(RECORDS SUPPLIED)
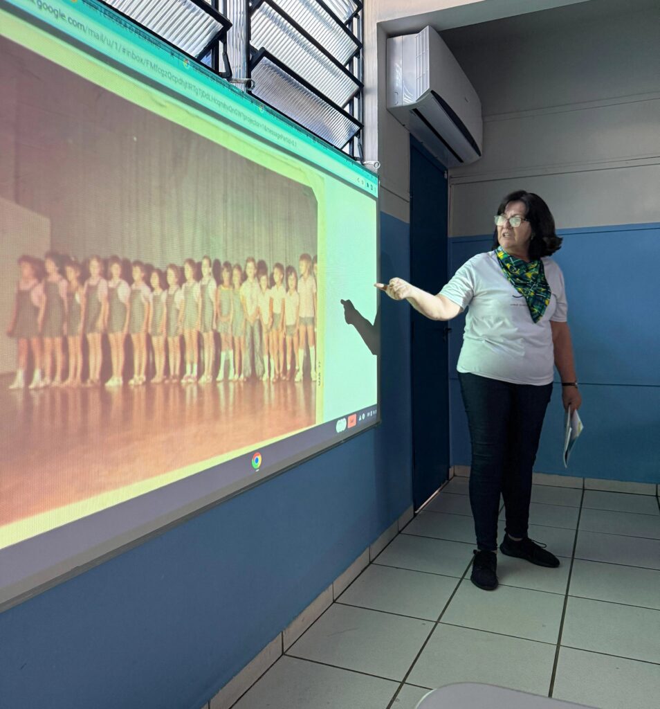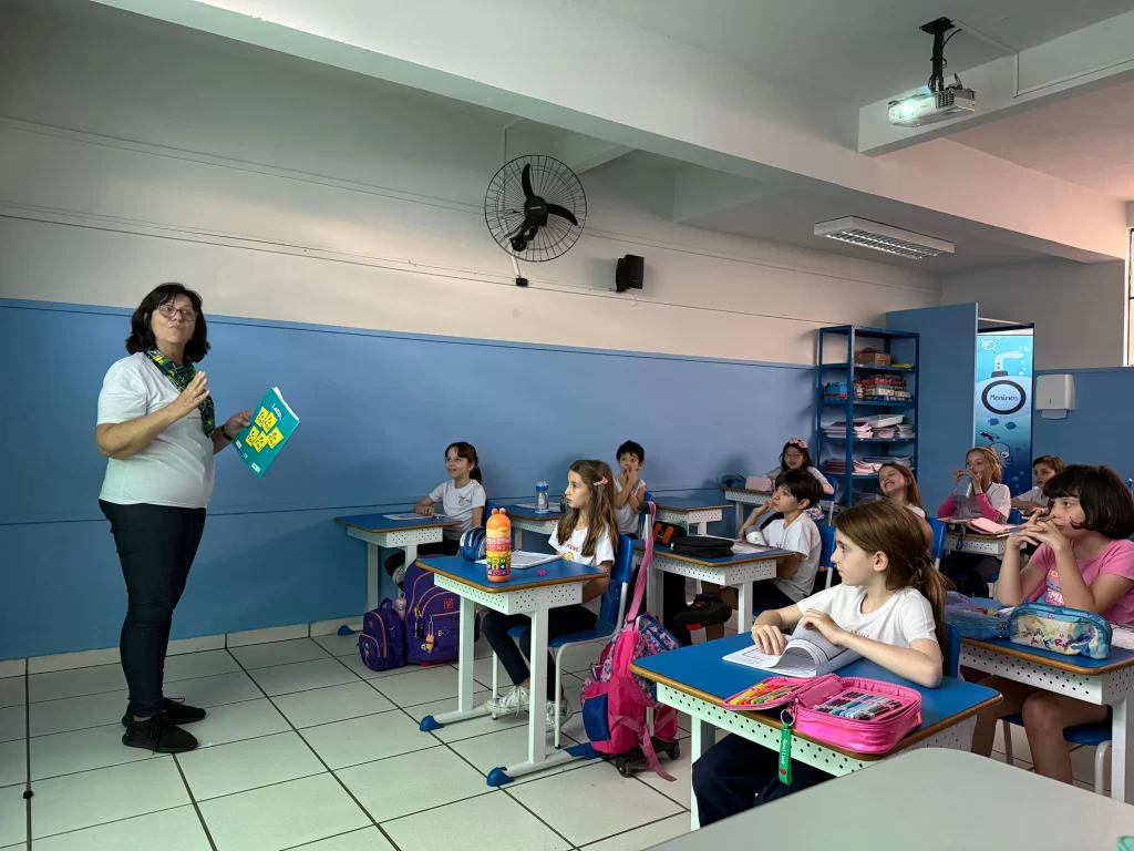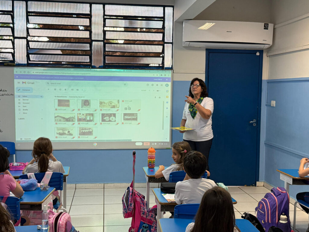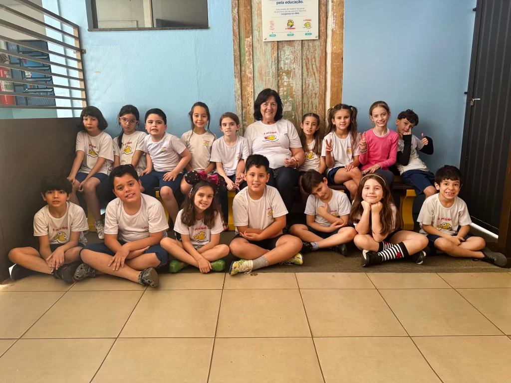Os alunos do 2º Ano tiveram a oportunidade de conhecer a história d’O Peixinho de forma mais aprofundada pelas palavras da secretária da escola, Tânia Adam Barros, a colaboradora mais antiga do ‘aquário’. Há 47 anos, ela se dedica com gentileza e amor ao atendimento das famílias e dos alunos.
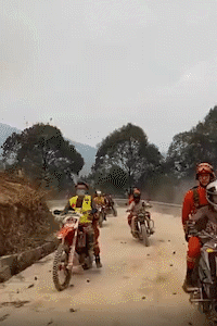 比如下面这张动态图,就是云南省森林消防总队跨省前来支援的时候,摩托大军载着专业救援人员上山。
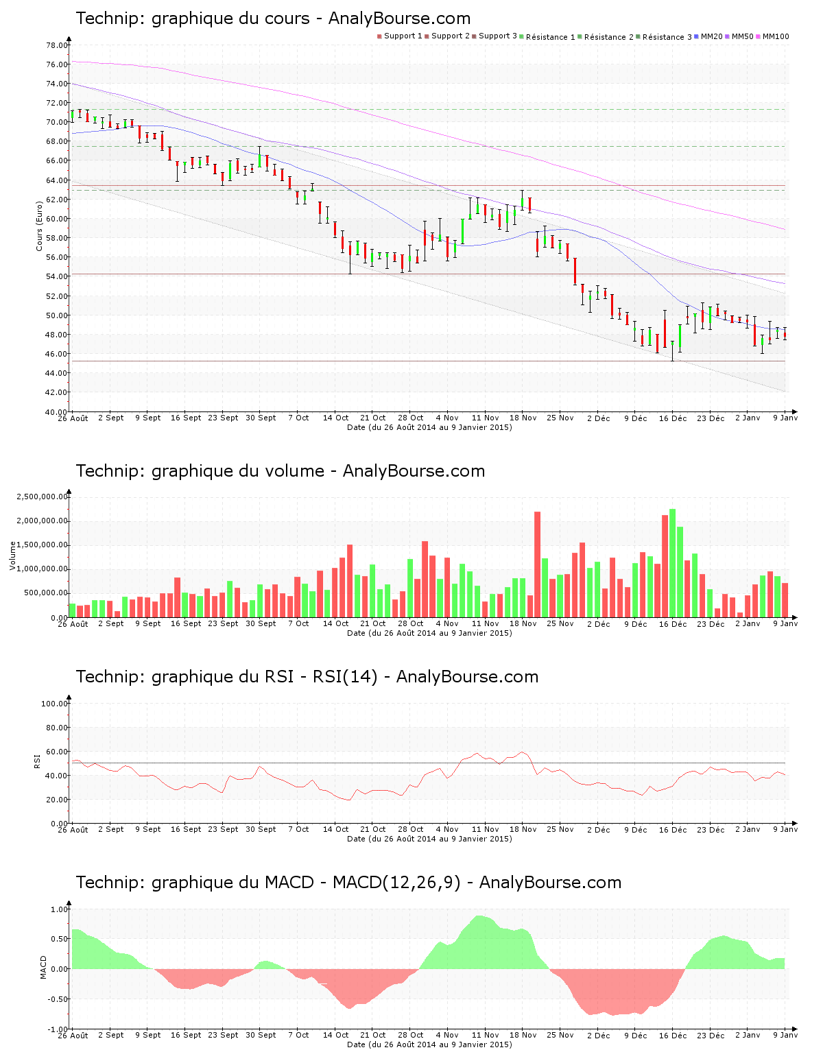 Côté indicateurs, le MACD est ces cinq dernières séances de cotations en conséquente baisse. Il caractérise malgré ceci encore une tendance du titre en conséquente progression sur le moyen terme. Ensuite, la moyenne mobile sur 20 jours de la valeur Technip se situe en deçà de la moyenne mobile sur 50 jours, et la moyenne mobile sur 50 jours se localise quant à elle en deçà de la moyenne mobile sur 100 jours. Sur la durée, l’action présente ainsi un parcours décroissant. Enfin, on remarque que l’indicateur RSI est plutôt stable ces cinq dernières séances. Ce dernier se localise donc encore au niveau de vente.
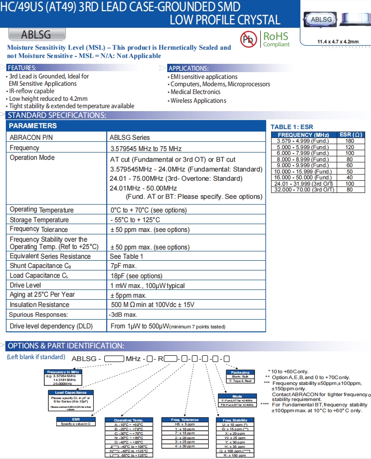 | ABLSG-18.000MHZ-D2Y-T | Abracon晶振 | ABLSG | MHz Crystal | 18MHz |
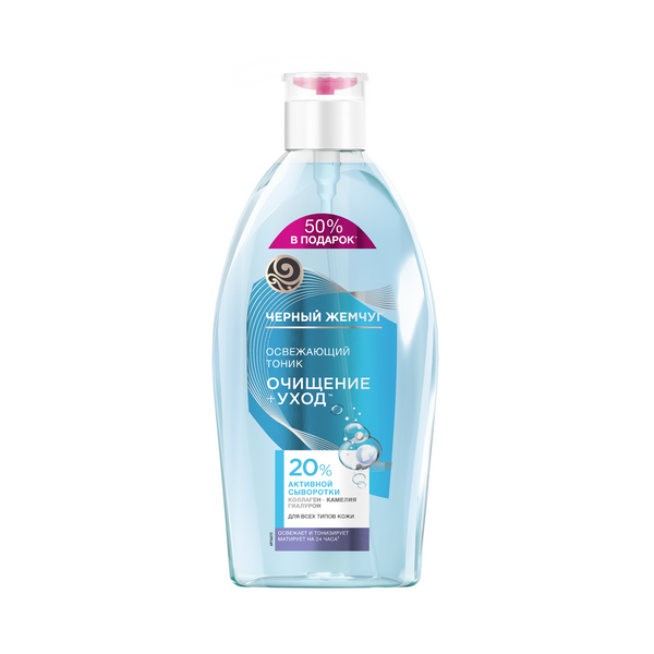 Черный Жемчуг тоник для всех типов кожи освежающий с коллагеном гиалуроном и маслом семян камелии 750 млЧистая и ухоженная кожа начинается с бережного и качественного очищения. Попробуйте тоник для всех типов кожи от бренда Черный Жемчуг, соответствующий новому* стандарту очищения: Очищение + Уход. Тоник освежает и тонизирует кожу, а также придает матовость на 24 часа2. Уход за кожей становится в 2 раза эффективнее1. Уникальная* технология: формула с 20% активной сыворотки увлажняет, питает и повышает упругость кожи уже на этапе ее очищения. В составе сыворотки коллаген, гиалурон, масло камелии. • Коллаген подтягивает кожу и восстанавливает тонус. • Гиалуроновая кислота активно увлажняет и, как следствие, улучшает внешний вид кожи, возвращает ей тонус и естественное сияние. • Камелия японская (масло цубаки) обладает антиоксидантными и успокаивающими свойствами. Эффективность подтверждена результатами тестирования2: 93% – кожа чистая, дышит свежестью; 87% – матовость без сухости на 24 часа. Одобрено дерматологами. Для максимального эффекта используйте все средства серии. Утром – гель для бережного и качественного очищения, затем ухаживающий тоник, который удалит остатки загрязнений и подготовит кожу к нанесению крема. Вечером откройте для себя мицеллярную воду, которая удалит даже стойкий макияж, при этом не оставляя чувства стянутости и сухости
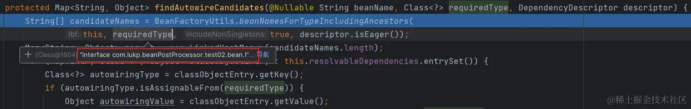 - 首先会通过当前被注入类的类型来寻找对应符合要求的子类 bean,就例如接口 I 就是如此,在寻找被注入类的核心方法 findAutowireCandidates 具体的代码如下:
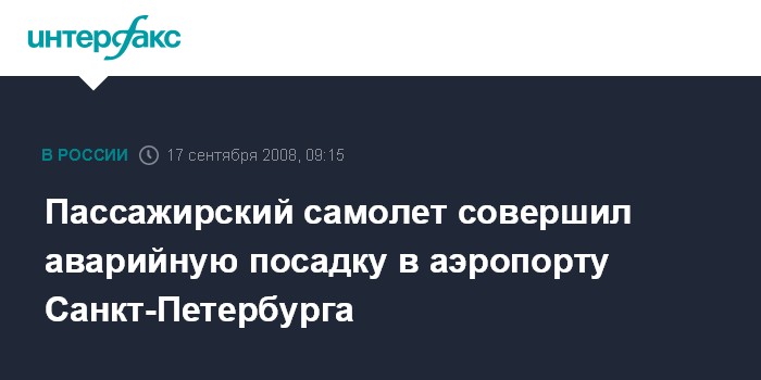 Санкт-Петербург. 17 сентября. INTERFAX.RU - В Петербургском аэропорту "Пулково" вчера вечером совершил аварийную посадку самолет "Ту-154", сообщили "Интерфаксу" в главном управлении МЧС по городу.
(End RECORDS SUPPLIED)
(TASK GOAL) Write out each entry exactly as given, omitting any picture.

(ANSWER TO THIS PROBLEM)
Os alunos do 2º Ano tiveram a oportunidade de conhecer a história d’O Peixinho de forma mais aprofundada pelas palavras da secretária da escola, Tânia Adam Barros, a colaboradora mais antiga do ‘aquário’. Há 47 anos, ela se dedica com gentileza e amor ao atendimento das famílias e dos alunos.
 比如下面这张动态图,就是云南省森林消防总队跨省前来支援的时候,摩托大军载着专业救援人员上山。
 Côté indicateurs, le MACD est ces cinq dernières séances de cotations en conséquente baisse. Il caractérise malgré ceci encore une tendance du titre en conséquente progression sur le moyen terme. Ensuite, la moyenne mobile sur 20 jours de la valeur Technip se situe en deçà de la moyenne mobile sur 50 jours, et la moyenne mobile sur 50 jours se localise quant à elle en deçà de la moyenne mobile sur 100 jours. Sur la durée, l’action présente ainsi un parcours décroissant. Enfin, on remarque que l’indicateur RSI est plutôt stable ces cinq dernières séances. Ce dernier se localise donc encore au niveau de vente.
 | ABLSG-18.000MHZ-D2Y-T | Abracon晶振 | ABLSG | MHz Crystal | 18MHz |
 Черный Жемчуг тоник для всех типов кожи освежающий с коллагеном гиалуроном и маслом семян камелии 750 млЧистая и ухоженная кожа начинается с бережного и качественного очищения. Попробуйте тоник для всех типов кожи от бренда Черный Жемчуг, соответствующий новому* стандарту очищения: Очищение + Уход. Тоник освежает и тонизирует кожу, а также придает матовость на 24 часа2. Уход за кожей становится в 2 раза эффективнее1. Уникальная* технология: формула с 20% активной сыворотки увлажняет, питает и повышает упругость кожи уже на этапе ее очищения. В составе сыворотки коллаген, гиалурон, масло камелии. • Коллаген подтягивает кожу и восстанавливает тонус. • Гиалуроновая кислота активно увлажняет и, как следствие, улучшает внешний вид кожи, возвращает ей тонус и естественное сияние. • Камелия японская (масло цубаки) обладает антиоксидантными и успокаивающими свойствами. Эффективность подтверждена результатами тестирования2: 93% – кожа чистая, дышит свежестью; 87% – матовость без сухости на 24 часа. Одобрено дерматологами. Для максимального эффекта используйте все средства серии. Утром – гель для бережного и качественного очищения, затем ухаживающий тоник, который удалит остатки загрязнений и подготовит кожу к нанесению крема. Вечером откройте для себя мицеллярную воду, которая удалит даже стойкий макияж, при этом не оставляя чувства стянутости и сухости
 - 首先会通过当前被注入类的类型来寻找对应符合要求的子类 bean,就例如接口 I 就是如此,在寻找被注入类的核心方法 findAutowireCandidates 具体的代码如下:
 Санкт-Петербург. 17 сентября. INTERFAX.RU - В Петербургском аэропорту "Пулково" вчера вечером совершил аварийную посадку самолет "Ту-154", сообщили "Интерфаксу" в главном управлении МЧС по городу.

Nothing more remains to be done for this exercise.